Co będzie ze środowiskiem WSI, które wspierało Komorowskiego i które wspierał Komorowski? Czy ono ma kogoś nowego, na kim może się oprzeć?

To Komorowski był marionetką środowiska WSI, a nie środowisko WSI było zależne od Komorowskiego, więc skoro zabawka się zepsuła, to znajdzie się nową zabawkę. To środowisko się nie zdezintegruje, bo łączą je zbyt duże interesy, zbyt duże apetyty finansowe i polityczne. Ci ludzie będą próbować kreować nowe ruchy, zresztą iluzoryczna partia Balcerowicza to już jest sonda wypuszczona przez to środowisko. Będą sondować rynek, szukając chwytliwych haseł. Zawsze znajdą lidera, który im odpowie: „ja wam wszystko wyśpiewam”, jak w filmie Barei „Co mi zrobisz, jak mnie złapiesz?” Znajdą kogoś takiego, bo jeśli ktoś jest nikim, to chce być kimś. Siłą tego środowiska są zdolności kreacyjne ex nihilo, z niczego. Znalazłszy nikogo bardzo łatwo mogą nim sterować, tak jak sterowali Komorowskim.

A co z wnikaniem w te grupy polityczne, które już są? PO - wiele osób to mówi - może się po prostu rozsypać, ale czy partie będące na fali są obiektem zainteresowania ludzi dawnych służb?

Oczywiście, że tak, tym bardziej, że wywiad (choć w tym wypadku oni działają i jak wywiad, i jak kontrwywiad) nigdy nie pracuje wśród zwolenników. Ludzie myślący tak, jak my, to nasze naturalne zaplecze. Wywiad działa wśród potencjalnych przeciwników. Dlatego istnieje niebezpieczeństwo nasycania struktur PiS przez ludzi powiązanych z WSI. Oni będą najbardziej radykalni, będą najlepszymi żołnierzami ostatniej chwili. Trzeba wyraźne patrzeć, skąd kto przychodzi i kim jest, skąd napływają pieniądze. Granie na fortepianie przeciwnika to ideał pracy wywiadowczej.

Czy partia polityczna ma możliwość przeciwdziałania czemuś takiemu?

Jest zdrowy rozsądek i doświadczenie wyniesione z ostatnich dwudziestu paru lat życia publicznego.

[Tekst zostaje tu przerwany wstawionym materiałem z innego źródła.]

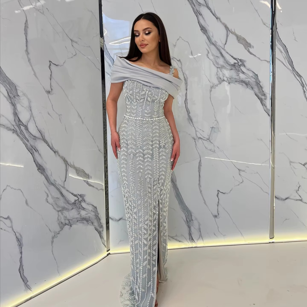 فستان سهرة ناعم بدون أكتاف بتطريز فاخر من اللؤلؤ، يبرز أنوثتك بجاذبية راقية وتصميم ملكي يجعل إطلالتك متألقة في كل مناسبة خاصة.

Przede wszystkim trzeba rozliczyć największą aferę ostatnich lat, jaką było zaangażowanie służb specjalnych we wspieranie kampanii Bronisława Komorowskiego.

Jak to zrobić? Wymagałoby to komisji śledczej?

Tak, to wymaga komisji śledczej. Zwłaszcza zaangażowanie Agencji Wywiadu w podsłuchiwanie opozycji to większa afera niż „szafa Lesiaka” i Instrukcja 0015. Konieczna jest komisja śledcza, żeby zbadać nadużycia służb specjalnych podczas zakończonej właśnie kampanii prezydenckiej.

Czy w takim razie zwycięstwo Komorowskiego to błąd w sztuce służb? A może służby sobie odpuściły, albo nastroje społeczne były takie, że nie dały rady zapanować nad wyborcami?

Na pewno część odpowiedzi tkwi w każdej z tych sugestii, które pan podał, ale jest jeszcze jedna bardzo ważna okoliczność – geopolityka. Amerykanie zorientowali się, że Niemcy grają bardziej z Rosjanami, niż z nimi. Wobec czego powrót Amerykanów nad Wisłę to także powrót stronnictwa, które zwykle było najbliżej opcji amerykańskiej. I to też należy wziąć pod uwagę, bo źródła przesunięć wyjaśniają nam dopiero te wszystkie czynniki, które pan wymienił, plus geopolityka.